Video action models are an appealing foundation for Vision–Language–Action systems because they can learn visual dynamics from large-scale video data and transfer this knowledge to downstream robot control. Yet current diffusion-based video predictors are trained with likelihood-surrogate objectives, which encourage globally plausible predictions without explicitly optimizing the precision-critical visual dynamics needed for manipulation. This objective mismatch often leads to subtle errors in object pose, spatial relations, and contact timing that can be amplified by downstream policies.

We propose VAMPO, a post-training framework that directly improves visual dynamics in video action models through policy optimization. We formulate multi-step denoising as a sequential decision process and optimize the denoising policy with rewards defined over expert visual dynamics in latent space. To make optimization practical, VAMPO introduces an Euler Hybrid sampler that injects stochasticity only at the first denoising step, enabling tractable low-variance policy-gradient estimation while preserving the coherence of the remaining denoising trajectory. Combined with GRPO and a verifiable non-adversarial reward, VAMPO improves task-relevant visual dynamics, leading to better downstream action generation and stronger generalization in both simulation and the real world.
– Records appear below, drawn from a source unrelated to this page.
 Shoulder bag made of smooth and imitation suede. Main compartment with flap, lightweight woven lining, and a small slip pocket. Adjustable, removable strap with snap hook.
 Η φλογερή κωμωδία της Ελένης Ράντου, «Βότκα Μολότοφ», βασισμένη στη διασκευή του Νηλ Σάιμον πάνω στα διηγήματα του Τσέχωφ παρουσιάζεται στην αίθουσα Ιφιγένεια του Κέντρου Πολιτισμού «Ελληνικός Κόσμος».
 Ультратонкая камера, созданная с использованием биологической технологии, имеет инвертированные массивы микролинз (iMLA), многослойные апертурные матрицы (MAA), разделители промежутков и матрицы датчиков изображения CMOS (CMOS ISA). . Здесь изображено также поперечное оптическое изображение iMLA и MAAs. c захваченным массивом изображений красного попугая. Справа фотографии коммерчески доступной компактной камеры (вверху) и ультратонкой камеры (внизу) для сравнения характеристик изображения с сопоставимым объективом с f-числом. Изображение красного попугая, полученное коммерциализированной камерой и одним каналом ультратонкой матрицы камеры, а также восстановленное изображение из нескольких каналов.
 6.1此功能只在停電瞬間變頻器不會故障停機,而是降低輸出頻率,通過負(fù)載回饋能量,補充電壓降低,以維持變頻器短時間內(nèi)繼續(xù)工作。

Figure 1. Overall of VAMPO. Our post-training framework introduces reinforcement learning from verified rewards in place of the surrogate objective in video action models, enabling direct optimization of task-specific goals in training video prediction model (VPM). This approach improves the accuracy of VPM’s predictive visual representations, leading to enhanced action generation and task performance. Notably, the method demonstrates significant improvements not only in simulated environments but also in real-world scenarios.

Method

Figure 2. Overview of the VAMPO training paradigm. In the pretraining stage, the video prediction model (VPM) and action generation model (AGM) are trained on expert demonstrations. In the policy optimization stage, the VPM generates future latents via a hybrid denoising process, using SDE-style stochasticity only at the first step and ODE-based denoising for the remaining steps. Verified rewards are computed by comparing predicted latents with expert latents, and GRPO is used to optimize the VPM toward more precise, control-relevant visual dynamics for downstream action generation.
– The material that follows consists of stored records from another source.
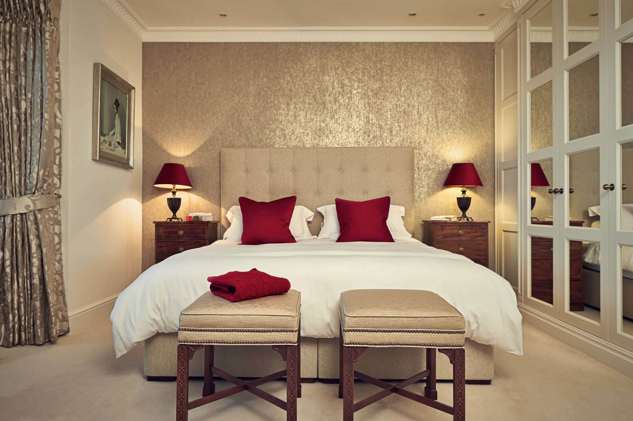 La iluminación adecuada puede transformar por completo una habitación. No olvides añadir lámparas a los lados de la cama y una iluminación general suave.
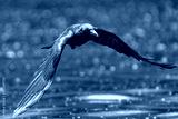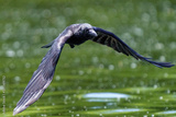 Carrion crow (Corvus corone) in flight over river Thames, London, UK
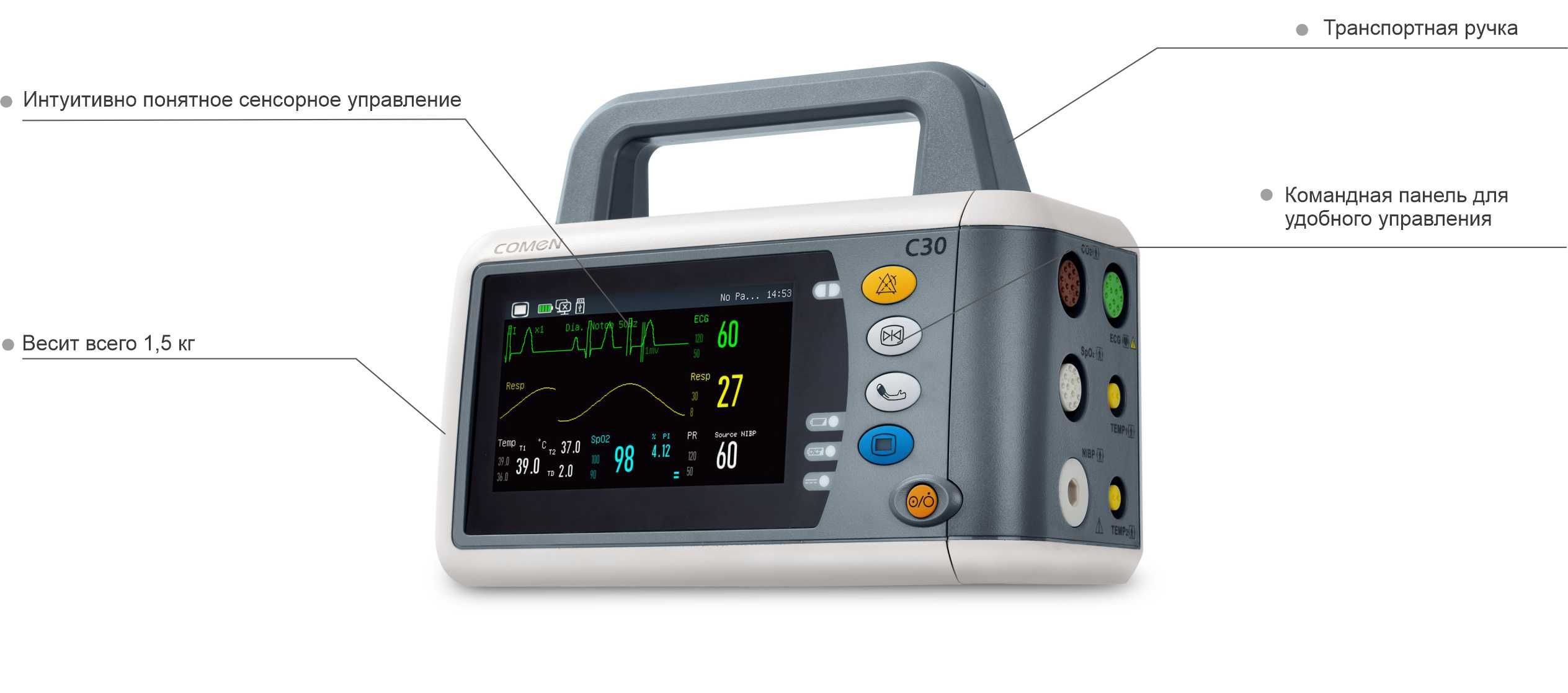 Ветеринарный монитор COMEN C30-V — это устройство, предназначенное для мониторинга жизненно важных функций животных.
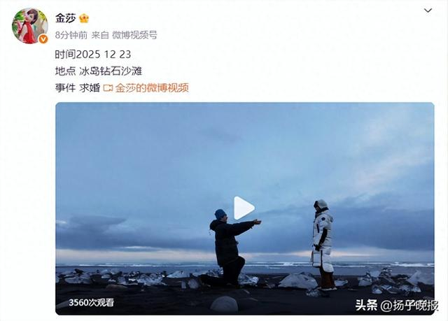 12月24日,演员金莎、孙丞潇双双发视频宣布求婚成功。视频中,孙丞潇求婚成功后抱住了金莎,两人在唯美浪漫的冰岛钻石沙滩上拥吻。

VAMPO revisits the latent-level video action modeling paradigm, where a video prediction model (VPM) predicts future visual representations conditioned on the current observation and instruction, and an action generation model (AGM) maps these predictive features to executable actions.

The key idea is to cast multi-step denoising as a sequential decision process. Each denoising step is viewed as an action taken by a denoising policy, and the final predicted latent receives a terminal reward according to how well it matches the corresponding expert future latent in the same representation space.

To make reinforcement learning practical, VAMPO uses an Euler Hybrid sampler: only the first denoising step is stochastic with Euler-Ancestral sampling, while the remaining steps stay deterministic with Euler-Discrete updates. This reduces variance, alleviates credit assignment difficulty, preserves temporal coherence, and focuses optimization on the early representation most relevant for downstream policy learning.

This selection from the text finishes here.